So, why another “PHP 5.5 new features” post? I was doing research on the subject for a tutorial at work so I was digging through all the resources I could find on the subject anyway, so I decided to write a post about it. And also because even though there are many great posts already on this topic, I found that none of them were that comprehensive to list all interesting changes that come with PHP 5.5. The PHP manual also has a quite comprehensive documentation about everything that has changed with PHP 5.5 here, but it is scattered across many pages with some not so relevant information (for most PHP devs) in there also. The official ChangeLog also lists everything that has changed, but it obviously does not go into that much detail on any of the topics.

Generators

I think the most discussed new feature has been generators. So, what generators actually are and what are they good for?

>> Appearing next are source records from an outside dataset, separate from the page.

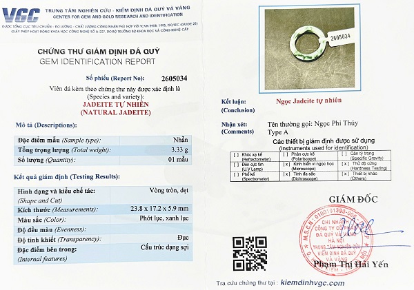 Kèm đầy đủ chứng thư kiểm định đá quý do trung tâm kiểm định đá quý Việt Nam cấp
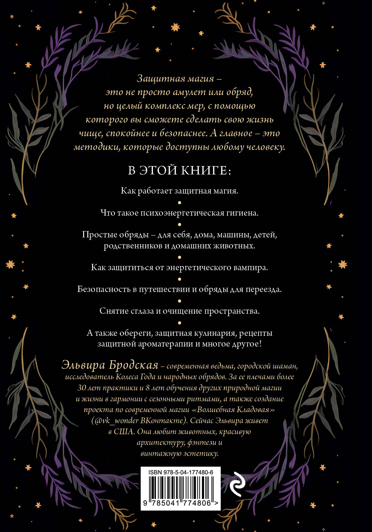 Защитная магия - это не просто амулет или обряд, но целый комплекс мер, с помощью которого вы сможете сделать свою жизнь чище, спокойнее и безопаснее. Методики, описанные в книге, подойдут начинающим, но также будут любопытны и для уже практикующих ведьм. Вы узнаете: - как работает защитная магия и что такое психоэнергетическая гигиена; - как магия очищения помогает в защитной магии; - простые обряды: для себя, дома, машины, детей, родственников и домашних животных; - кто такие энергетические вампиры и как от них можно защититься; - как поддерживать безопасность в путешествии и какие обряды подойдут для переезда; И многое другое! Эльвира Бродская - современная ведьма, городской шаман, исследователь Колеса Года и народных обрядов. За ее плечами - более 30 лет практики и 8 лет обучения других природной магии и жизни в соответствии с сезонными ритмами, а также создание проекта одной из крупнейших групп по современной магии «Волшебная Кладовая» (@vk_wonder ВКонтакте), которая существует более 10 лет. Сейчас Эльвира живет в США. Она любит животных, красивую архитектуру, фэнтези и винтажную эстетику.| Издательство | ООО "Издательство "Эксмо" |
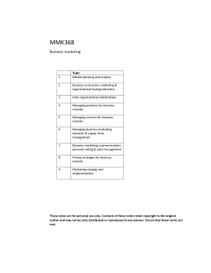 Comprehensive Business Marketing notes. Includes key theory and illustrations to facilitate learning and assist with major assessments. Everything needed to enable you to achieve the grade you want. Good luck! Topics: 1. Market planning and analysis 2. Business-to-business marketing & organisational buying behaviour 3. Inter-organisational relationships 4. Managing products for business markets 5. Managing services for business markets 6. Managing business marketing channels & supply chain management 7. Business marketing communications: personal selling & sales management 8. Pricing strategies for business markets 9. Marketing strategy and implementation
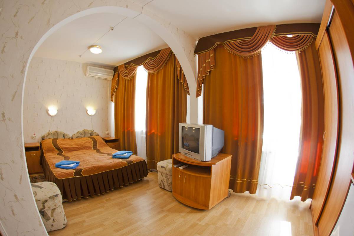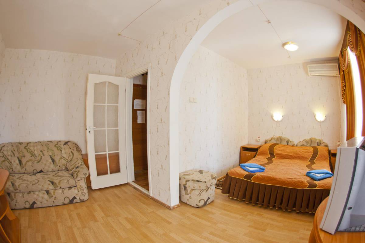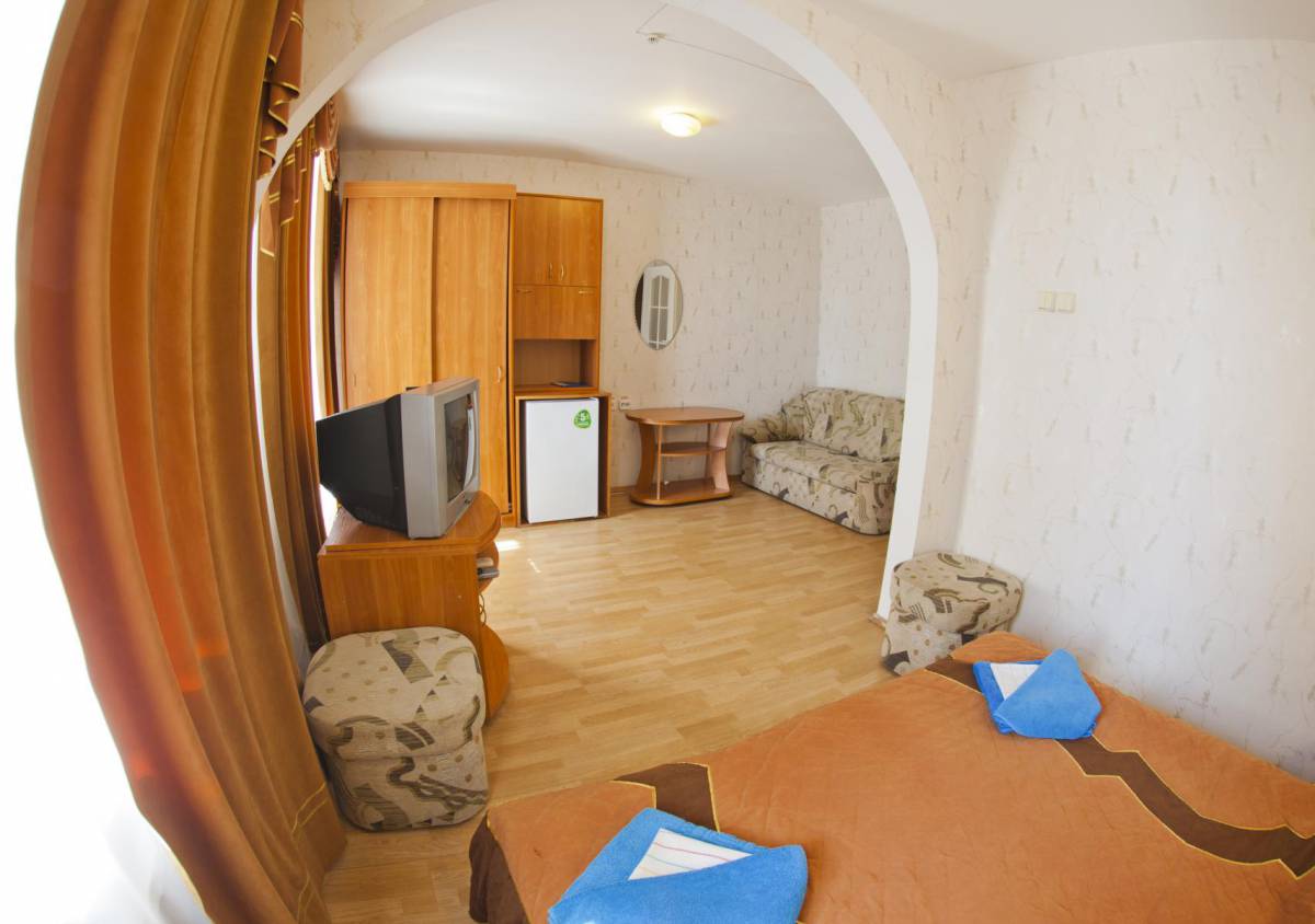 2 осн. места. 1 доп. место. Балкон. Мебель: вешалка, диван, зеркало, кровать двуспальная, прикроватные тумбочки, раскладушка, стол, стул, шкаф. Оборудование: кондиционер, мини-холодильник, телевизор. Санузел: с душем, туалетные принадлежности. Сервис: смена полотенец, смена постельного белья, уборка номера.

Generators look like normal functions or methods, except for the yield keyword. When calling yield the generator will return the given value to the caller but retain it’s state and continue where it left off when it is called next time. Generators also implement the Iterator interface, so they can be used with foreach loops for example. The usual examples given about generators are something like a replacement for PHP range() function or a Fibonacci number generator, I will not repeat them here (you can find these by reading some of the articles linked in this post), but instead present an equally useful example of a FizzBuzz implementation:

class FizzBuzz {
    public function printValues($num = 100)
    {
        foreach ($this->getValues($num) as $value) {
            echo $value . PHP_EOL;
        }
    }

    private function getValues($num)
    {
        for ($i = 1; $i <= $num; $i++) {
            $value = ($i % 3) ? '' : 'Fizz';
            $value .= ($i % 5) ? '' : 'Buzz';
            yield $value ?: $i;
        }
    }
}

$fb = new FizzBuzz();
$fb->printValues();

One thing to keep in mind is that the yield keyword does not work the same way as the return keyword. The return value of calling a generator is actually an object of a PHP internal class called Generator. The Generator class implements the Iterator interface as already stated above, so this means that if you want to get values from a generator outside of a foreach loop, you will have to manually call the current() and next() methods on it (as defined by the interface).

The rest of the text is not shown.